Problem
Output the entries below word for word, stopping once the line containing "当定量包装秤进入自动运行状态" is done, and omit each picture.

==================================================

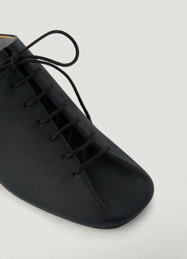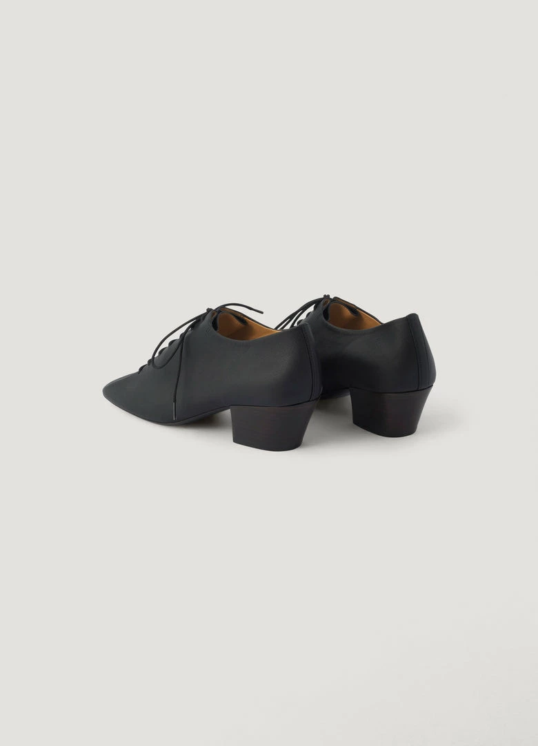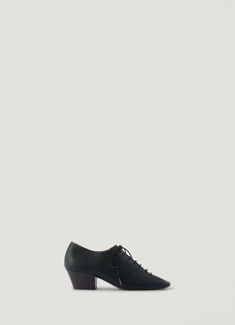 These heeled derbies are made of light lamb nappa leather with a soft, silky texture. Inspired by dance shoes, their details include waxed cotton laces, a slightly rounded square toe and Cuban heels. The upper and tongue of the shoes emerge from a single piece of leather folded over itself. They are fully lined in smooth leather.
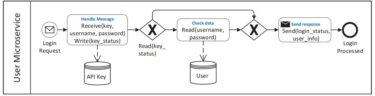 Using the microservice architecture [2], they are able to modelthedesignofamicroserviceasaworkflowthatis contained within a pool. This enables the microservices to communicate with one another via message passing. Figure 6 provides a visual representation of an example ofthemicroservicesparadigm.
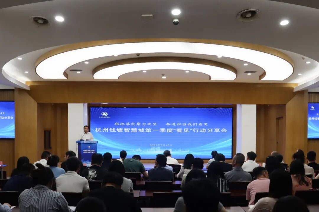 为鼓舞钱塘智慧城干部奋勇争先、决战决胜的信心和士气,让每一个身影、每一份默默坚守和贡献都被“看见”、肯定和激励,5月16日,杭州钱塘智慧城举行“狠抓落实聚力攻坚 奋进担当我们看见”第一季度“看见”行动分享会。现场,宣读了2024年度智慧城优秀员工、2025年第一季度“看见最美榜”名单,各科室、中心及公司从看见优秀、看见成长等角度分享各自在省级高新区创建、指标争先、产业引育、为企服务等工作中涌现出来的好干部和好团队,展现干部真抓实干、拼抢快干的精神风貌。
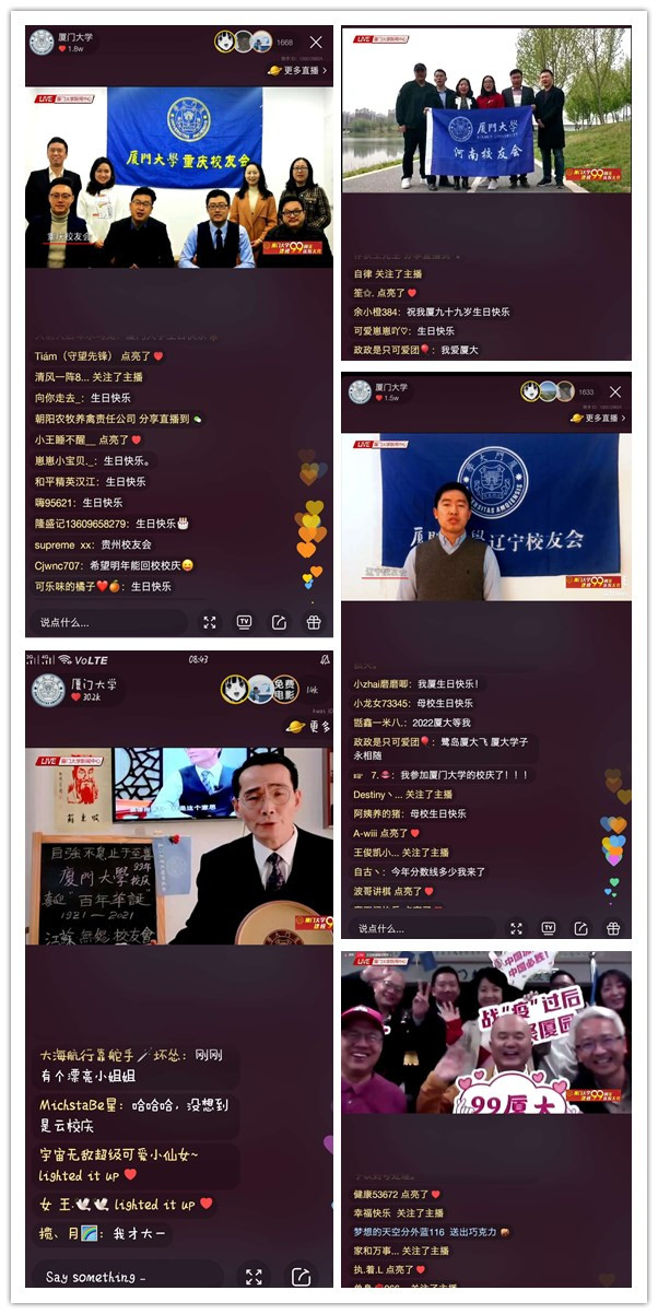 虽然不能当面相聚,但师生校友对母校的情谊丝毫没有消减。当天的建南大会堂,座椅上摆满了师生校友的祝福牌,随着庆祝大会的进行,广大师生、校友在央视频、抖音、快手、B站、视友网等多个直播平台上表达着对母校浓浓的爱。“我厦生日快乐”“我心永属厦大”“庆九九华诞,期百年荣耀”“九九治学路,久久厦大情”“战‘疫’必胜”……一系列祝福语持续刷屏,将大会氛围不断推向高潮。
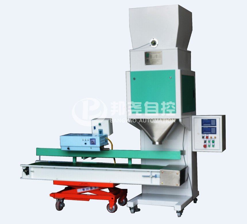 当定量包装秤进入自动运行状态后,称重控制系统打开给料门开始加料,自动定量包装秤给料装置为快、慢两级给料方式;当物料重量达到快给料设定值时,停止快给料,保持慢给料;当物料重量达到*终设定值时,关闭给料门,完成动态称重过程;此时系统检测夹袋装置是否处于预定状态,当自动定量包装秤包装袋已夹紧后,系统发出控制信号打开称量斗卸料门,物料进入包装袋中,物料放完后自动关闭称量斗的卸料门;卸空物料后松开夹袋装置,自动定量包装秤包装袋自动落下;包装袋落下后进行缝包并输送到下一工位。如此循环往复自动运行 。
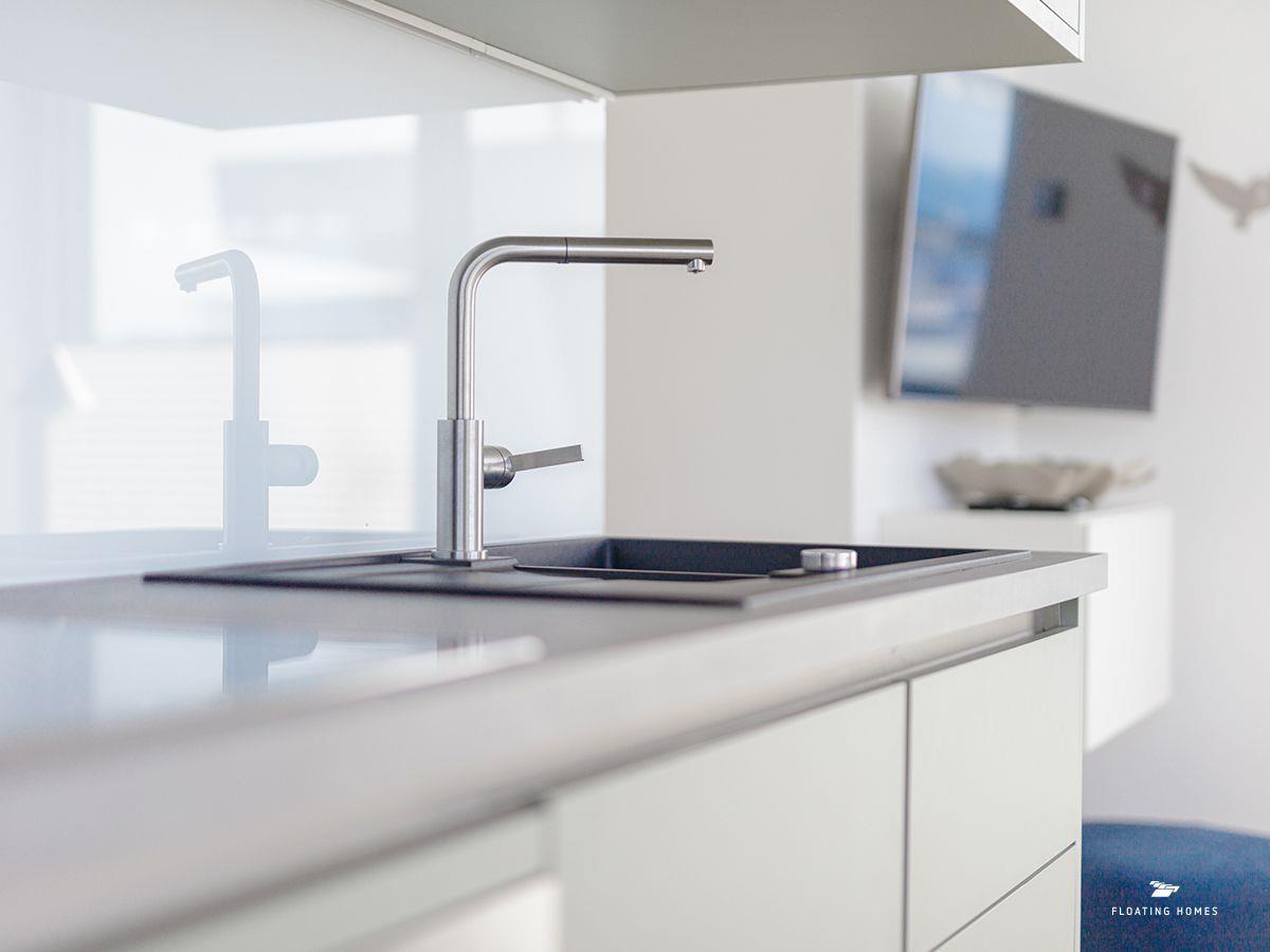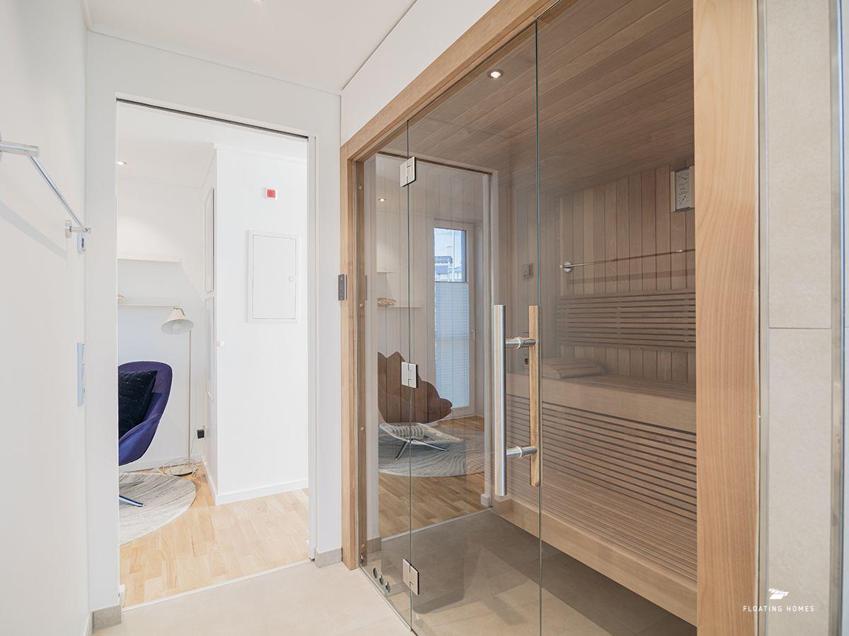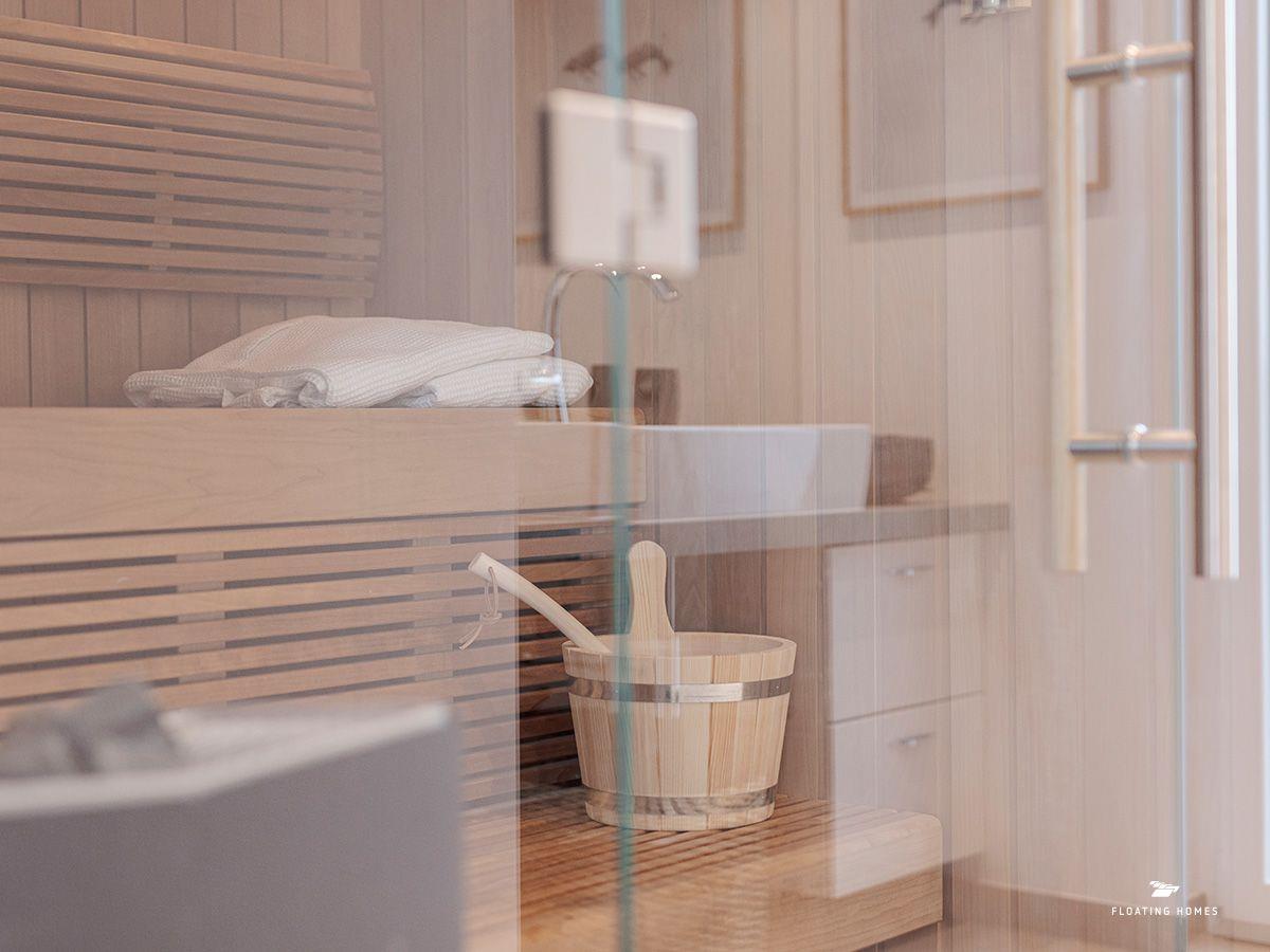 Das Schlafzimmer mit komfortablem Bett und das moderne Duschbad mit WC und Waschbecken ergänzen den exklusiven Wohnkomfort. Und als besonderes Highlight steht dir an Bord sogar eine großzügige Sauna zur Verfügung, die für noch mehr Entspannung sorgt.

==================================================

Exercise result
 These heeled derbies are made of light lamb nappa leather with a soft, silky texture. Inspired by dance shoes, their details include waxed cotton laces, a slightly rounded square toe and Cuban heels. The upper and tongue of the shoes emerge from a single piece of leather folded over itself. They are fully lined in smooth leather.
 Using the microservice architecture [2], they are able to modelthedesignofamicroserviceasaworkflowthatis contained within a pool. This enables the microservices to communicate with one another via message passing. Figure 6 provides a visual representation of an example ofthemicroservicesparadigm.
 为鼓舞钱塘智慧城干部奋勇争先、决战决胜的信心和士气,让每一个身影、每一份默默坚守和贡献都被“看见”、肯定和激励,5月16日,杭州钱塘智慧城举行“狠抓落实聚力攻坚 奋进担当我们看见”第一季度“看见”行动分享会。现场,宣读了2024年度智慧城优秀员工、2025年第一季度“看见最美榜”名单,各科室、中心及公司从看见优秀、看见成长等角度分享各自在省级高新区创建、指标争先、产业引育、为企服务等工作中涌现出来的好干部和好团队,展现干部真抓实干、拼抢快干的精神风貌。
 虽然不能当面相聚,但师生校友对母校的情谊丝毫没有消减。当天的建南大会堂,座椅上摆满了师生校友的祝福牌,随着庆祝大会的进行,广大师生、校友在央视频、抖音、快手、B站、视友网等多个直播平台上表达着对母校浓浓的爱。“我厦生日快乐”“我心永属厦大”“庆九九华诞,期百年荣耀”“九九治学路,久久厦大情”“战‘疫’必胜”……一系列祝福语持续刷屏,将大会氛围不断推向高潮。
 当定量包装秤进入自动运行状态后,称重控制系统打开给料门开始加料,自动定量包装秤给料装置为快、慢两级给料方式;当物料重量达到快给料设定值时,停止快给料,保持慢给料;当物料重量达到*终设定值时,关闭给料门,完成动态称重过程;此时系统检测夹袋装置是否处于预定状态,当自动定量包装秤包装袋已夹紧后,系统发出控制信号打开称量斗卸料门,物料进入包装袋中,物料放完后自动关闭称量斗的卸料门;卸空物料后松开夹袋装置,自动定量包装秤包装袋自动落下;包装袋落下后进行缝包并输送到下一工位。如此循环往复自动运行 。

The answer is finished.